Genetics Impacts the Effects of Practice

Apparently there is more to becoming an accomplished musician than lots of practice, according to a new study.

The music-training research by scientists at the Montreal Neurological Institute and Hospital, the Neuro, and colleagues in Germany, allowed investigators to determine which parts of the brain are activated through training or practice.

The investigation allowed researchers to distinguish the parts of the brain that account for individual talent from the brain regions that are activated through training.

For the study, investigators performed brain imaging evaluations of 15 young adults with little or no musical background who were scanned before and after they underwent six weeks of musical training. Participants were required to learn simple piano pieces.

Brain activity in certain areas changed after learning, indicating the effect of training. But the activity in a different set of brain structures, measured before the training session had started, predicted which test subjects would learn quickly or slowly.

“Predisposition plays an important role for auditory-motor learning that can be clearly distinguished from training-induced plasticity,” said Dr. Robert Zatorre, a cognitive neuroscientist at the Neuro, and lead author of the study in the journal Cerebral Cortex.

“Our findings pertain to the debate about the relative influence of ‘nature or nurture,’ but also have potential practical relevance for medicine and education.”
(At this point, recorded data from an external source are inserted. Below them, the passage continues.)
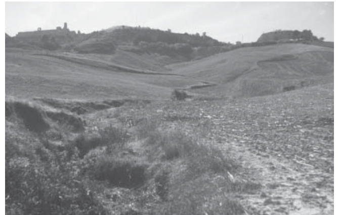
FIG. 2. El Alcázar desde el exterior de la ciudad. Vista desde levante.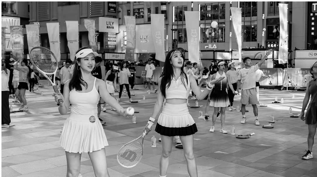
2026上海摩登生活嘉年华暨上海瑜伽生活嘉年华现场。

南京路步行街世纪广场迎来一场都市盛会。2026上海摩登生活嘉年华暨上海瑜伽生活嘉年华正式拉开帷幕。活动以“瑜伽+”为核心，依托上海“六六夜生活节”的城市消费节点，打造集运动潮流、AI智能、时尚消费于一体的复合型城市活动IP，将前沿科技与潮流生活方式深度融合，为初夏的申城注入全新活力。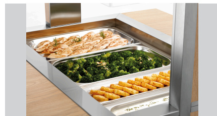
► Ontworpen voor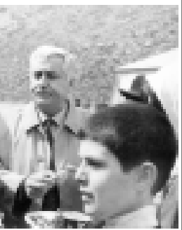
Кваншаубиев Тюркден келген жазуучу бла Огары Чегемде кыонакыда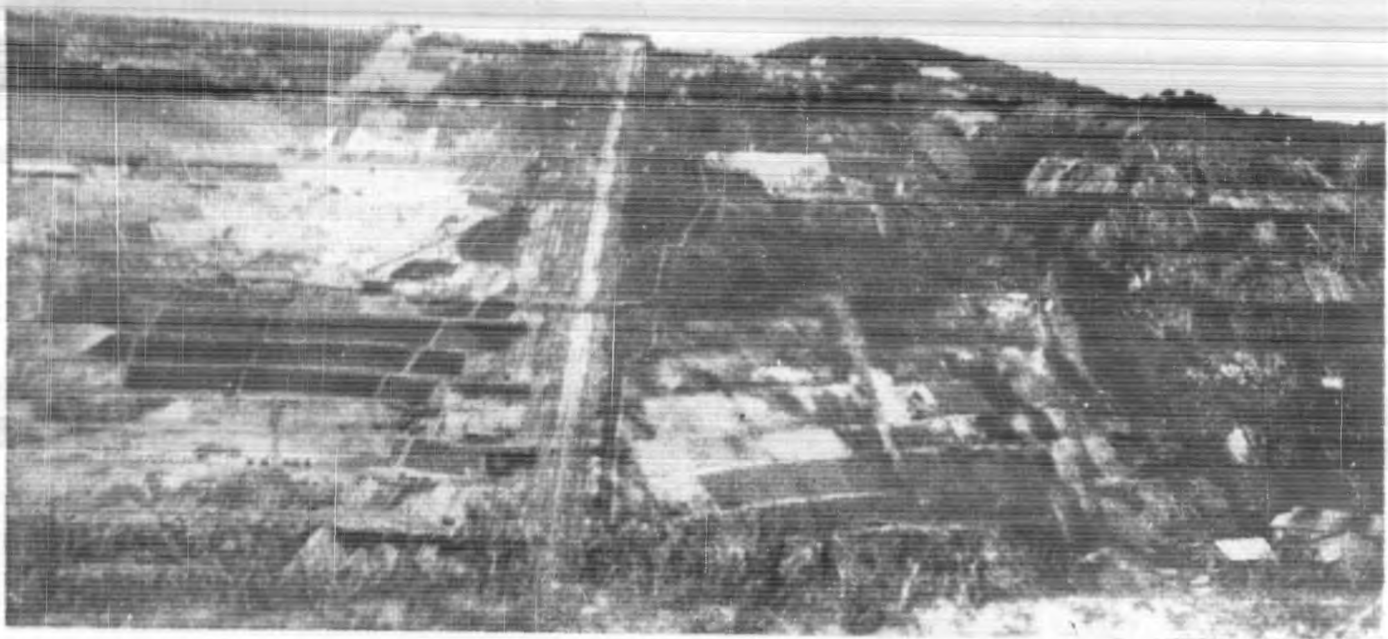
(一)坑鑛鑛錫之坡隆吉(丙)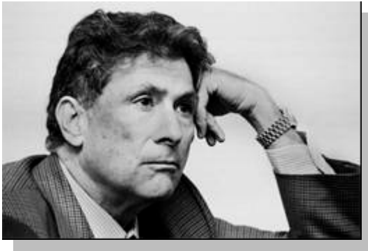
Edward Saïd (1935 — 2003)

En China puede ser que un joven que se graduó de un programa de pregrado muy débil en los Estados Unidos tenga una ventaja sobre otro joven que se graduó de la Universidad Tsinghua.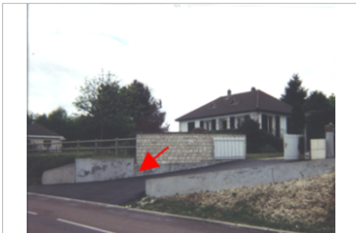
Vue du site BDHE 27 point de repère 34

Coordonnées WGS84 : X: 2.98017523 / Y: 47.26588430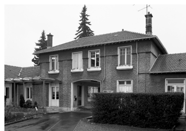
Les bureaux, façade est. IVR22_19986000064X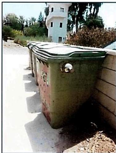
סוף בעמוד הבא

הפיתרון: קירגון. לעיתים קרובות קורה שהזבל במכולה ('צפרדעי'), העומדת ליד חדר האוכל, גולש עד גדותיה. לפעמים זה בגלל פעילות בחדר האוכל, לפעמים בגלל ניקיון בבתי הילדים וגם סתם כך. תושבי השכונה פנו אל מנהל עסקי הקהילה ותוך כמה ימים הגיעו 4 פחי אשפה ירוקים לתגבור, ומאז נראה שהצפרדע מעכלת בכבוד את כל המושלך אל קרבה. על כזה אמרו חז"לנו: 'זה נהנה וזה לא חסר'. (יונתן אלטר)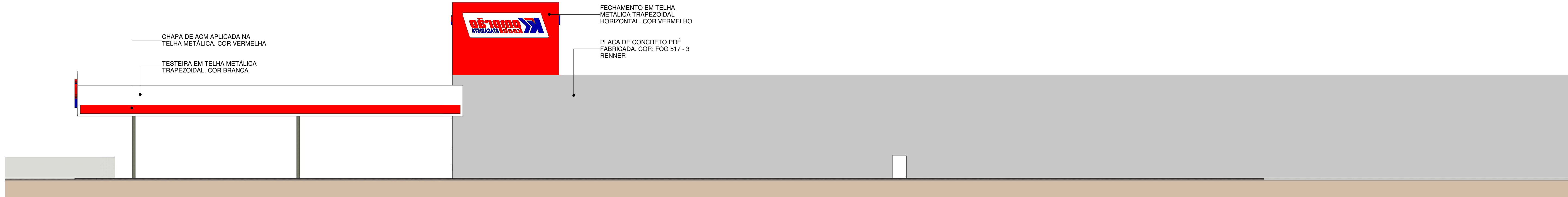
04 ELEVÇÃO 03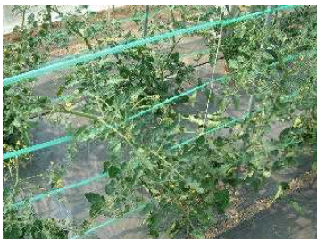
ミニトマトが大きくなってきたら、 倒れないように横にビニールテ ープをはり、ななめに引っ張るよ うにして、ミニトマトとビニールテ ープをひもでむすびます。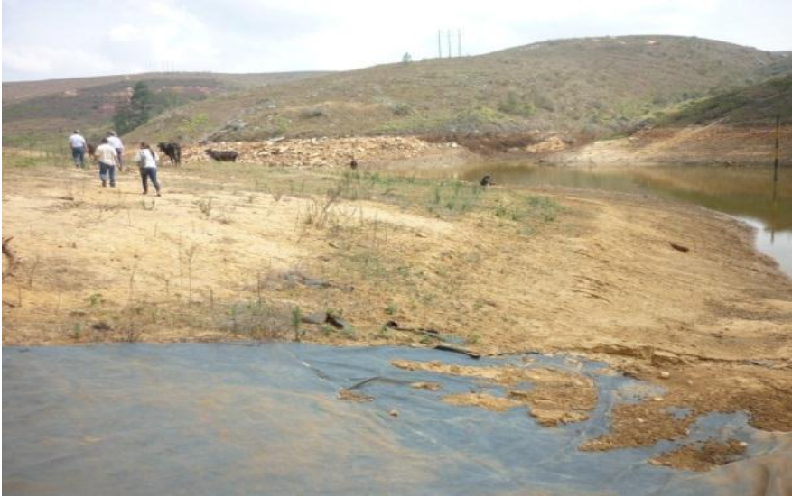
Imagen 10 Terrenos en donde se realizará la excavación para aumento en el volumen de almacenamiento del embalse.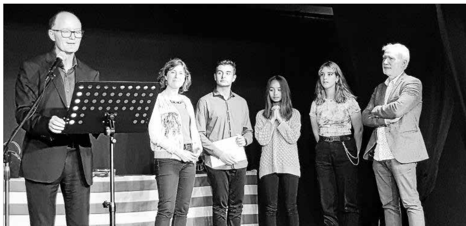
Dos momentos de la entrega de premios que se desarrolló la semana pasada en Mallorca.

Researchers say that future cognitive neuroscience studies will explore the extent to which individual differences in predisposition are a result of brain plasticity due to previous experiences and to people’s genetics.

The findings suggest that custom-made interventions could be created for students and for neurological patients based on their predisposition and needs.

Source: McGill University/EurekAlert

 
Music and the mind photo by shutterstock.

Genetics Impacts the Effects of Practice

Rick Nauert PhD

Rick Nauert, PhDDr. Rick Nauert has over 25 years experience in clinical, administrative and academic healthcare. He is currently an associate professor for Rocky Mountain University of Health Professionals doctoral program in health promotion and wellness. Dr. Nauert began his career as a clinical physical therapist and served as a regional manager for a publicly traded multidisciplinary rehabilitation agency for 12 years. He has masters degrees in health-fitness management and healthcare administration and a doctoral degree from The University of Texas at Austin focused on health care informatics, health administration, health education and health policy. His research efforts included the area of telehealth with a specialty in disease management.

APA Reference
Nauert PhD, R. (2015). Genetics Impacts the Effects of Practice. Psych Central. Retrieved on August 15, 2018, from https://psychcentral.com/news/2015/07/29/genetics-impacts-the-effects-of-practice/87519.html

 

Scientifically Reviewed
Last updated: 6 Oct 2015
Last reviewed: By John M. Grohol, Psy.D. on 6 Oct 2015
Published on PsychCentral.com. All rights reserved.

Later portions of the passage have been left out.